Adrian Dodson also known as Adrian Carew (born 20 September 1970) is a British former Olympic boxer. He competed for Guyana at the 1988 Summer Olympics in Seoul under the name Adrian Carew before representing Great Britain at the 1992 Summer Olympics.

Amateur career

Dodson's first Olympic appearance came as a 17-year-old competing in the light welterweight division. He won his first two fights against Bilal el-Masri of Libya and Vukašin Dobrašinović of Yugoslavia before losing to eventual bronze medallist Reiner Gies of West Germany in the third round.

In 1989 he competed in the 147-pound division of Golden Gloves and won the Sugar Ray Robinson award as the outstanding boxer of the tournament.
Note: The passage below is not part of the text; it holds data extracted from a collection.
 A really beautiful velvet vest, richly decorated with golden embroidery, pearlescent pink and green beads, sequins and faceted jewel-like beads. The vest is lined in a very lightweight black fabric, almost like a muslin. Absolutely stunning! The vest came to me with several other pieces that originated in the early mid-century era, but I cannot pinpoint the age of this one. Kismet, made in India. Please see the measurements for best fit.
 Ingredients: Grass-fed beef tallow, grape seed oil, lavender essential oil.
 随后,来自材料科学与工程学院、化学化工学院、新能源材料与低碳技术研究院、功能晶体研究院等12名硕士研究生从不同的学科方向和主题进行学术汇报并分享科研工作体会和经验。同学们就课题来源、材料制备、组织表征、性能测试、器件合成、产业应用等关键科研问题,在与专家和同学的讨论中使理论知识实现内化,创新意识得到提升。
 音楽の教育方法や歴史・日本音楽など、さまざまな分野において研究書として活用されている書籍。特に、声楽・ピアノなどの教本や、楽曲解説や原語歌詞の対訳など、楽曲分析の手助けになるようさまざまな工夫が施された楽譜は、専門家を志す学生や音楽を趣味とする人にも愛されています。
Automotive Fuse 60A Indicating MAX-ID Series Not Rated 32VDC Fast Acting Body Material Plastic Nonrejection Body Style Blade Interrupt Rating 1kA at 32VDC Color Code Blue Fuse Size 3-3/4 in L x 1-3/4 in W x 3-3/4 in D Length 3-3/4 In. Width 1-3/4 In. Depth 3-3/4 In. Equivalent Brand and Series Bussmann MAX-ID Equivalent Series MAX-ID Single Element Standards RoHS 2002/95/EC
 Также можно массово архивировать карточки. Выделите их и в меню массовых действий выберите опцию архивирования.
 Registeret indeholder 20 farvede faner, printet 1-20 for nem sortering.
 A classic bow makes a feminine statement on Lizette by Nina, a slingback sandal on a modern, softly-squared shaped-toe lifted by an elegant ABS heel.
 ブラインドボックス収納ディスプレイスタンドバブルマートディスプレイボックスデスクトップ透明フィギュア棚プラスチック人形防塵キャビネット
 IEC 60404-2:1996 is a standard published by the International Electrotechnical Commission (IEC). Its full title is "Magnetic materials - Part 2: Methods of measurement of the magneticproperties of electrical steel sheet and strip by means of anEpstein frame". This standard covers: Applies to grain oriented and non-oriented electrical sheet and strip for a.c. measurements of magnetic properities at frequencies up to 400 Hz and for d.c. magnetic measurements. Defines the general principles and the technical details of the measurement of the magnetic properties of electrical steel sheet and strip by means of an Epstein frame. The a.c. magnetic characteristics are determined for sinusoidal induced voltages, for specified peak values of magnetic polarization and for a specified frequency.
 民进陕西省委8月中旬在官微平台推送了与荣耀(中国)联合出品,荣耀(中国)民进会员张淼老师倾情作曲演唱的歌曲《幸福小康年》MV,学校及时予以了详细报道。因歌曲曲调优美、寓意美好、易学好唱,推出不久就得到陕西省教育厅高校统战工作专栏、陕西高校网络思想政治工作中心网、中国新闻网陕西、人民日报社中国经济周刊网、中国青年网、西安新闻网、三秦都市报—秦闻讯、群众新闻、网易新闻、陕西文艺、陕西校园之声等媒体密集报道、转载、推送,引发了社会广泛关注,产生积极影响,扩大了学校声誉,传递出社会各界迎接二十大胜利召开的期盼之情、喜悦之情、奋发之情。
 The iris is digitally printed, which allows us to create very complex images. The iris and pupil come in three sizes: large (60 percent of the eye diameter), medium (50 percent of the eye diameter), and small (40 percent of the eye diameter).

After moving to England he was the ABA welterweight champion in 1990, fighting out of Lynn ABC. He then took his mother's last name Dodson and made his second Olympic appearance competing for Great Britain at the 1992 Games in Barcelona. Due to the presence of Robin Reid in the team Dodson was forced to drop from his favoured light middleweight to the welterweight division in order to compete. He won in the first round against Masashi Kawakami but lost in the second round to former World Amateur champion Francisc Vaştag of Romania.  Reid went on to win a bronze medal.

Professional career

After turning professional Dodson won his first 18 fights, including winning the WBO inter-continental title and defeating former world champion Lloyd Honeyghan in 1995. He lost to Winky Wright in a world title fight in 1997 but won the IBO super-middleweight title in 2001.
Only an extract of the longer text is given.